Why Sheila Bair must resign
Sheila Bair is doing a fine job at one thing – modifying mortgage terms in the mortgages she has taken over – particularly those at Indy Mac. As a liberal I would be expected to applaud – but I am profoundly glad that Obama did not do as Robert Kuttner suggested and nominate Sheila Bair for the Treasury Secretary post.
Sheila Bair is simply wrong when she implys that the problem started with mortgages and therefore it will end with mortgages. The problem with mortgages is no more than a trillion dollars (say 20 percent of the mortgages in the US defaulting with a 50% loss). Indeed it is much less than a trillion. If the financial crisis were about mortgages it would be over now – what with 500 billion of capital raising, a few hundred billion chipped in elsewhere (either by the Government into AIG or Maiden Lane or by Lehman and Washington Mutual bond holders and all the Fannie and Freddie losses that will be picked up by the Feds). The financial crisis is not about mortgages – it is about trust.
The people who provide finance to financial institutions (inter-bank and otherwise) no longer believe they will get their money back – and so are no longer willing to provide finance. The unwillingness to lend to financial institutions dooms them regardless of their solvency.
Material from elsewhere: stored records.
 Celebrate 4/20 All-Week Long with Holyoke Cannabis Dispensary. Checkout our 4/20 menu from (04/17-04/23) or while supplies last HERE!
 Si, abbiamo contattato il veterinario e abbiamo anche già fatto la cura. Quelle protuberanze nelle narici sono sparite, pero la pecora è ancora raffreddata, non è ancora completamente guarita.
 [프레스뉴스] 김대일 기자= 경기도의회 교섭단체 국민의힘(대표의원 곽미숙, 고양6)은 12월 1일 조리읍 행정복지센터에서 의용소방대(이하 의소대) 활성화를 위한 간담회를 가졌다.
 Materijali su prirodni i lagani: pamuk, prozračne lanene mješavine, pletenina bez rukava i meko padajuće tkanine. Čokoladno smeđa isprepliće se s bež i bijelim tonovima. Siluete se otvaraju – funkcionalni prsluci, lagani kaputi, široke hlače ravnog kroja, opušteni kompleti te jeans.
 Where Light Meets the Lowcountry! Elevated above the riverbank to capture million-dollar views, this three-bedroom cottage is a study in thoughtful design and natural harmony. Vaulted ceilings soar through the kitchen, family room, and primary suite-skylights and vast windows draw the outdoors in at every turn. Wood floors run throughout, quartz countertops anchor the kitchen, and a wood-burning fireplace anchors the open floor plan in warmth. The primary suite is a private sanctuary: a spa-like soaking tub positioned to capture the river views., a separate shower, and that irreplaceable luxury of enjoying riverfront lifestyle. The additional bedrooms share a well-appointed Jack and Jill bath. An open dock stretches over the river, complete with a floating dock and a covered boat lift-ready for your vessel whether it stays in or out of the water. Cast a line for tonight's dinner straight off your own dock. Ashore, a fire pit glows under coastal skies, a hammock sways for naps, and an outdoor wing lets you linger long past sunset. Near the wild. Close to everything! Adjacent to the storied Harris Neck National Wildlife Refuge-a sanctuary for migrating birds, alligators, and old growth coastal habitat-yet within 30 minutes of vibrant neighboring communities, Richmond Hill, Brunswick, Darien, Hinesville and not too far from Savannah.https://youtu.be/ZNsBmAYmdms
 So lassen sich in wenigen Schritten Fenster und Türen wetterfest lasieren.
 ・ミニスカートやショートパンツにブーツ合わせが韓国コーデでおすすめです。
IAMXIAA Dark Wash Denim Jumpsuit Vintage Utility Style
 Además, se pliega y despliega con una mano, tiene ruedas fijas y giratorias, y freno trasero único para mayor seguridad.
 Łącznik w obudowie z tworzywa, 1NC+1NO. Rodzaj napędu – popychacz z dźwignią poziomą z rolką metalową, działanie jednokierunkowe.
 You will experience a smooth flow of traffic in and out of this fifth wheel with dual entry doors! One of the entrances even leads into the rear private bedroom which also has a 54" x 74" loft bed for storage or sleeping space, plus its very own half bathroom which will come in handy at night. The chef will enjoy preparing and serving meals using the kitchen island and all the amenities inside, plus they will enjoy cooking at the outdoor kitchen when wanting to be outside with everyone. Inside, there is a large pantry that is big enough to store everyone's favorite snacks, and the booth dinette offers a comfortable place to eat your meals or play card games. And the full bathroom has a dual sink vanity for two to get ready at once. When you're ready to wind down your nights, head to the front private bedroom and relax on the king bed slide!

The crisis is about trust.
It is alarming enough that the head of the FDIC in so self serving a manner misdiagnoses the nature of the financial crisis – self serving because her institution is building up enviable expertise in modifying mortgage terms. Indeed at best Sheila Bair is the woman saying “we must do something, modifying mortgage terms is something – therefore we must do it”.
But if misdiagnosis of the crisis were the end of it then there would be no pressing need for Sheila Bair to resign. It is not the end of it. Sheila Bair is an obstacle – indeed one of the principal obstacles in the way of reinstalling trust to American financial institutions.
It comes about as follows: if you accept that the problem is that people will no longer lend to financial institutions then the core thing that is required is the perception that the US Government will not arbitrarily confiscate your rights if you lend to financial institutions.
On Friday I suggested that Sheila Bair might confiscate Citigroup wiping out in excess of 100 billion dollars in parent company debt. I am just a humble blogger in Australia – and my suggestion would be outrageous except that Sheila Bair through her actions on Washington Mutual and Wachovia made my suggestion plausible. She has form. She has done it before. She has unilaterally determined that Wachovia required a government assisted takeover when Wells Fargo proved only days later that she was wrong. Her judgement is unsound (proven) and her willingness to use powers to wipe out or compromise people who lend to financial institutions make her unsound judgement dangerous.
She just might confiscate Citigroup – because that sort of rash action is up her ally. She shoots from the hip – and Wachovia proves her aim is not true.
Anyway – this crisis will be over when people are willing to lend to American financial institutions unsecured again. And they will not lend to financial institutions when Sheila Bair is around. Her presence makes it dangerous.
A policy statement saying she will not do it again would be nice – but is implausible. Debt holders make a small amount of money when they are right – and lose a large amount when they are wrong. Sheila Bair – even if she promised not to be so rash again would not be believed.
There remains a small chance that she will again exercise her unsound judgement to compromise debt holders – and that alone is enough reason not to lend to American financial institutions.
I do not know what a complete solution to the financial crisis (other than full nationalisation as per the Citigroup post) would look like – but if full nationalisation is not on the agenda (and as far as I can tell it is not) then any solution to the financial crisis involves removing Sheila Bair. She is an obstacle to trust.
It is simple Sheila. Resign now. You owe it to your country.
John Hempton
Postscripts:
1. There has been some comment my view is because I lost money (a very small amount) in Washington Mutual preferreds. It is not. Had the preferreds but not the debt been wiped out I would think that fair enough. I purchased the prefs with three times the yield of the debt. Sheila Bair made them roughly equivalent. I have no qualms whatsoever about wiping out equity investors and I was one.
2. I have purchased Sheila Bair's name on Google Adwords. The adverts link to this post. I am doing my bit to help solve the financial crisis.